在这一切开始之前,有几件重要的事情,一定要注意 attention
attention attention
切记关闭防火墙,分区,而且Ubuntu和centos防火墙关闭方式不一样
systemctl stop firewalld
systemctl disable firewalld
sysemctl stop ufw
systemctl disable ufw
vim /etc/fstab
将swapfile注释掉 如果以上操作不做好,会付出巨大代价,遇到各种各样的问题,你意想不到。
docker
先安装docker
sudo apt-get update
sudo apt-get -y install apt-transport-https ca-certificates curl software-properties-common
curl -fsSL https://mirrors.aliyun.com/docker-ce/linux/ubuntu/gpg | sudo apt-key add -
sudo add-apt-repository "deb [arch=amd64] https://mirrors.aliyun.com/docker-ce/linux/ubuntu $(lsb_release -cs) stable"
sudo apt-get -y update
sudo apt-get -y install docker-ce
配置一下容器运行时
cat <<EOF | sudo tee /etc/modules-load.d/containerd.conf
overlay
br_netfilter
EOF
sudo modprobe overlay
sudo modprobe br_netfilter
设置必需的 sysctl 参数,这些参数在重新启动后仍然存在。
cat <<EOF | sudo tee /etc/sysctl.d/99-kubernetes-cri.conf
net.bridge.bridge-nf-call-iptables = 1
net.ipv4.ip_forward = 1
net.bridge.bridge-nf-call-ip6tables = 1
EOF
sudo sysctl --system
配置 Docker 守护程序,尤其是使用 systemd 来管理容器的 cgroup。
cat <<EOF | sudo tee /etc/docker/daemon.json
{
"exec-opts": ["native.cgroupdriver=systemd"],
"log-driver": "json-file",
"log-opts": {
"max-size": "100m"
},
"storage-driver": "overlay2"
}
EOF
重启docker
sudo systemctl enable docker
sudo systemctl daemon-reload
sudo systemctl restart docker
k8s
允许 iptables 检查桥接流量 确保 br_netfilter 模块被加载。这一操作可以通过运行 lsmod | grep br_netfilter 来完成。
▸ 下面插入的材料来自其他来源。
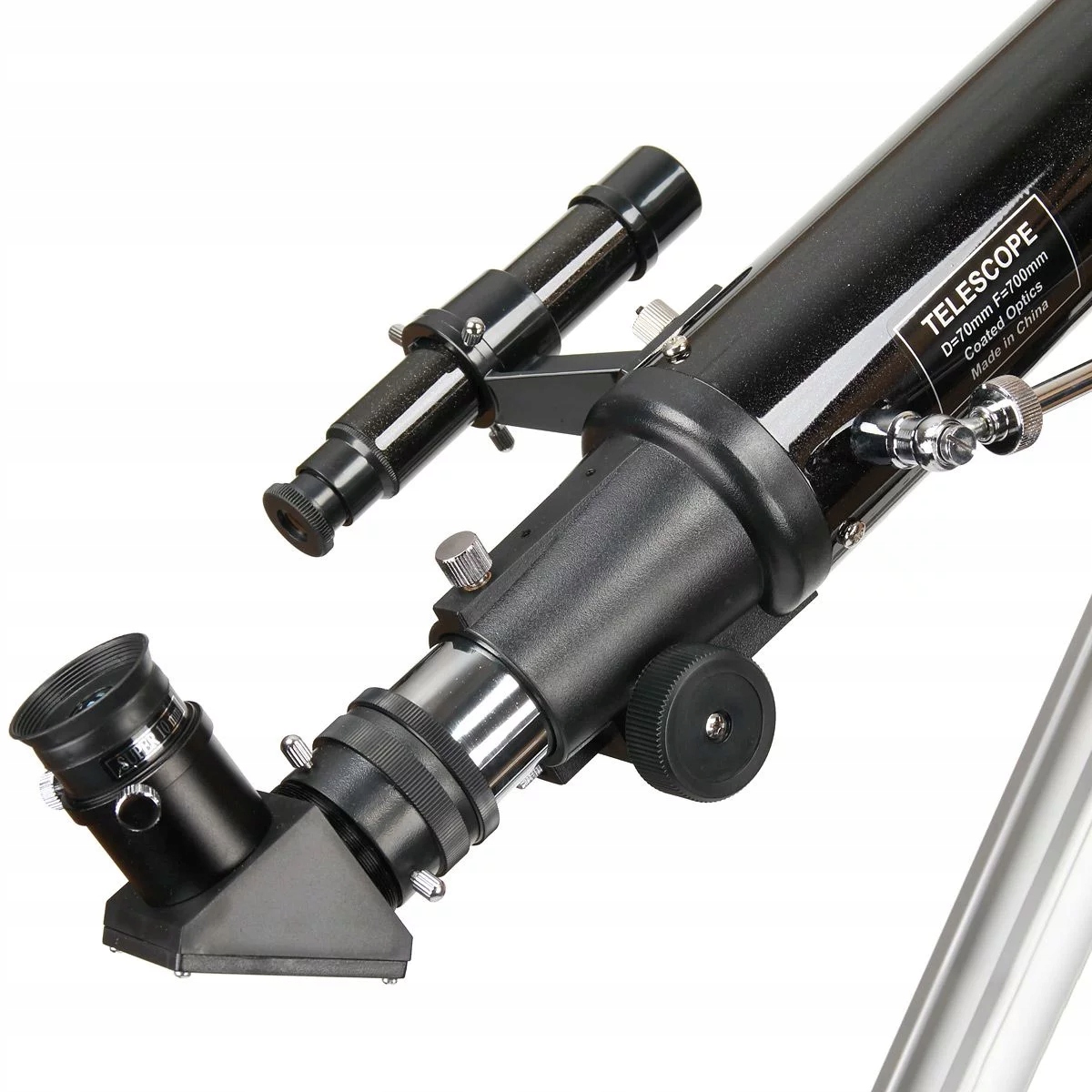 Телескоп Sky-Watcher (Synta) BK707AZ2 – це легкий астрономічний телескоп, призначений для астрономів-початківців, особливо дітей. Це простий у використанні рефрактор діаметром 70 мм, який дозволяє збільшити зображення до 140 разів. Обладнання важить лише кілька кілограмів, і його можуть легко переносити з місця на місце зовсім маленькі спостерігачі. На відміну від багатьох телескопів цієї цінової групи, SkyWatcher 705AZ2 вирізняється відносно непоганим оснащенням (окуляри Kellner замість більш дешевих Ramsdens і Huygens), а також досить якісним об'єктивом. Порівняно з подвійним телескопом SK705AZ2, оптична система Sky-Watcher 707AZ2 забезпечує дещо більші збільшення з інтенсивністю світла f/10. Об'єктив має діаметр 70 мм і фокусну відстань 700 мм. Він покритий досить хорошим антибліковим покриттям. Телескоп з таким об'єктивом дозволяє знаходити найяскравіші туманності за умови, що спостереження проводяться далеко від вогнів міста. Красиво виглядатимуть розсіяні скупчення (наприклад, Плеяди). Що ми побачимо в цей телескоп? Цей телескоп найкраще підходить для спостережень за Місяцем, а також для основних спостережень за тілами в Сонячній системі. Sky-Watcher 707AZ2, незважаючи на скромні розміри, чудово показує кільця Сатурна, форми планетарних дисків, а також основні деталі, такі як пояси в атмосфері Юпітера або полярні шапки Марса в періоди хорошої видимості червоної планети. Оснащений простим сонячним фільтром об’єктива, телескоп 707AZ2 стане чудовим інструментом для спостереження за Сонцем (у випадку з дітьми він повинен бути під наглядом дорослого). , 56x і 140x. Фокусування окуляра. Використовувався 1,25-дюймовий рейковий фокусер із кріпленням дзеркала під кутом 90 градусів. Телескоп має горизонтально перевернуте зображення (дзеркальне відображення), вертикальна орієнтація зберігається правильно. Фокусувальник і кришка сумісні з Більшість аксесуарів, що продаються. Збірка Телескоп підвішений на дуже легкій установці AZ2. З точки зору роботи, цей вузол нагадує фотографічний штатив. Додатково в набір входить 2-кратний об’єктив Барлоу. два верхніх збільшення 5x24 видошукач.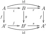 - Retracts: if g is a morphism belonging to one of the distinguished classes, and f is a retract of g (as objects in the arrow category , where 2 is the 2-element ordered set), then f belongs to the same distinguished class. Explicitly, the requirement that f is a retract of g means that there exist i, j, r, and s, such that the following diagram commutes:

若要显式加载该模块,可执行 sudo modprobe br_netfilter。
为了让你的 Linux 节点上的 iptables 能够正确地查看桥接流量,你需要确保在你的 sysctl 配置中将 net.bridge.bridge-nf-call-iptables 设置为 1。例如:
cat <<EOF | sudo tee /etc/modules-load.d/k8s.conf
br_netfilter
EOF
cat <<EOF | sudo tee /etc/sysctl.d/k8s.conf
net.bridge.bridge-nf-call-ip6tables = 1
net.bridge.bridge-nf-call-iptables = 1
EOF
sudo sysctl --system
kubelet: k8s 的核心服务 kubeadm: 这个是用于快速安装 k8s 的一个集成工具,我们在master1和worker1上的 k8s 部署都将使用它来完成。 kubectl: k8s 的命令行工具,部署完成之后后续的操作都要用它来执行
使得 apt 支持 ssl 传输
apt-get update && apt-get install -y apt-transport-https
下载 gpg 密钥
curl https://mirrors.aliyun.com/kubernetes/apt/doc/apt-key.gpg | apt-key add -
添加 k8s 镜像源
cat <<EOF >/etc/apt/sources.list.d/kubernetes.list
deb https://mirrors.aliyun.com/kubernetes/apt/ kubernetes-xenial main
EOF
更新
apt-get update
安装
apt-get install -y kubelet kubeadm kubectl
启动kubelet服务
systemctl start kubelet
systemctl enable kubelet
这个操作默认安装最新版本
Setting up kubectl (1.23.6-00) ...
Setting up kubernetes-cni (0.8.7-00) ...
Setting up kubelet (1.23.6-00) ...
Setting up kubeadm (1.23.6-00) ..
下载安装好了以后,就开始进行配置 先预检查系统是否符合要求,避免等会麻烦
通过kubeadm config images list命令查看所需要的镜像列表
k8s.gcr.io/kube-apiserver:v1.23.6
k8s.gcr.io/kube-controller-manager:v1.23.6
k8s.gcr.io/kube-scheduler:v1.23.6
k8s.gcr.io/kube-proxy:v1.23.6
k8s.gcr.io/pause:3.6
k8s.gcr.io/etcd:3.5.1-0
k8s.gcr.io/coredns/coredns:v1.8.6
先把所需镜像拉下来,其实如果在国外这个东西安装部署真的没那么复杂,只不过是我们无法访问谷歌造成了巨大的阻碍,因此先借助阿里巴巴镜像源将镜像拉下来
kubeadm config images pull --image-repository=registry.aliyuncs.com/google_containers
如果有cgroup不同所导致的问题,那就将两者修改一致,其实在上面的操作中已经完成了,因为k8s在其21版本后就默认采用systemd,而docker的cgroup只需在daemon守护进程中修改即可。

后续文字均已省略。